(INFORMATION PROVIDED)

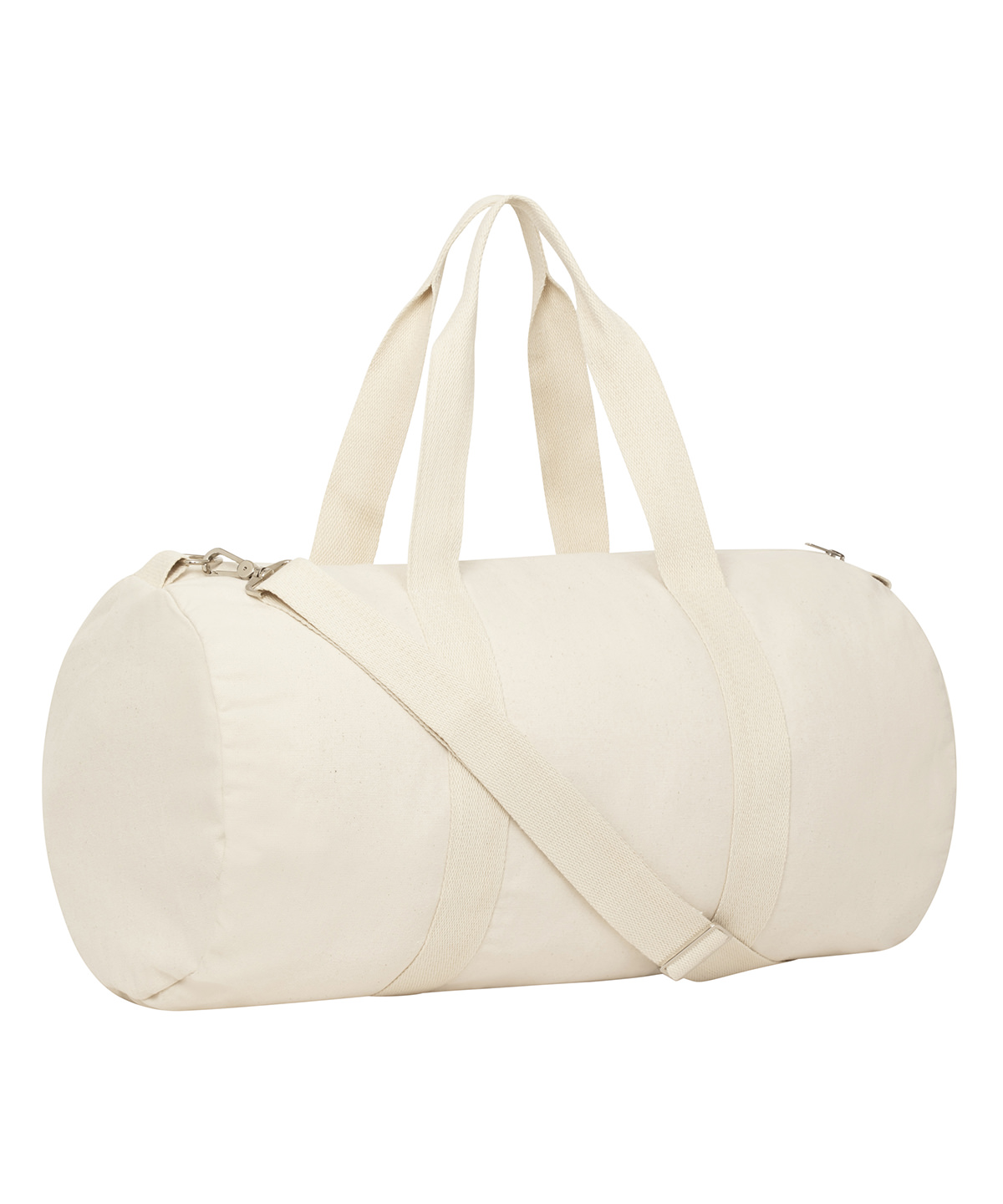 Lightweight duffle bag made with super-soft 100% recycled polyester. The bag is fully lined. It has an inside zip pocket, outside pocket and detachable adjustable shoulder straps.
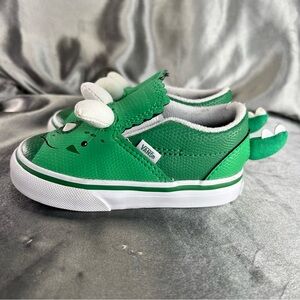 Vans Toddler Slip On Green Triceratops Dinosaur Slip On Sneakers Size 5.5 EUC
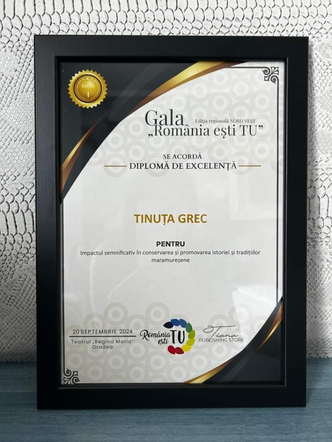 Vineri seară, la Teatrul „Regina Maria” din Oradea a avut loc gala specială intitulată sugestiv, „România ești tu!”, care celebrează spiritul autentic românesc. La acest grandios eveniment a participat și Tinuța Grec, o scriitoare împătimită de tradițiile și autenticitatea Maramureșului. Toată munca sa pe tărâmul istoriei și etnografiei orașului Borșa, concretizată în cele 7 cărți publicate a fost apreciată și recunoscută, în cadrul acestei gale, acordându-i-se o Diplomă de excelență. Aceasta vine să încununeze și să răsplătească munca asiduă și perseverentă pentru conservarea și promovarea istoriei și tradițiilor maramureșene.

(YOUR INSTRUCTIONS)
Your task is an exact transcription of all the data, minus the pictures.

(SOLUTION FOR THIS TASK)
 Lightweight duffle bag made with super-soft 100% recycled polyester. The bag is fully lined. It has an inside zip pocket, outside pocket and detachable adjustable shoulder straps.
 Vans Toddler Slip On Green Triceratops Dinosaur Slip On Sneakers Size 5.5 EUC
 Vineri seară, la Teatrul „Regina Maria” din Oradea a avut loc gala specială intitulată sugestiv, „România ești tu!”, care celebrează spiritul autentic românesc. La acest grandios eveniment a participat și Tinuța Grec, o scriitoare împătimită de tradițiile și autenticitatea Maramureșului. Toată munca sa pe tărâmul istoriei și etnografiei orașului Borșa, concretizată în cele 7 cărți publicate a fost apreciată și recunoscută, în cadrul acestei gale, acordându-i-se o Diplomă de excelență. Aceasta vine să încununeze și să răsplătească munca asiduă și perseverentă pentru conservarea și promovarea istoriei și tradițiilor maramureșene.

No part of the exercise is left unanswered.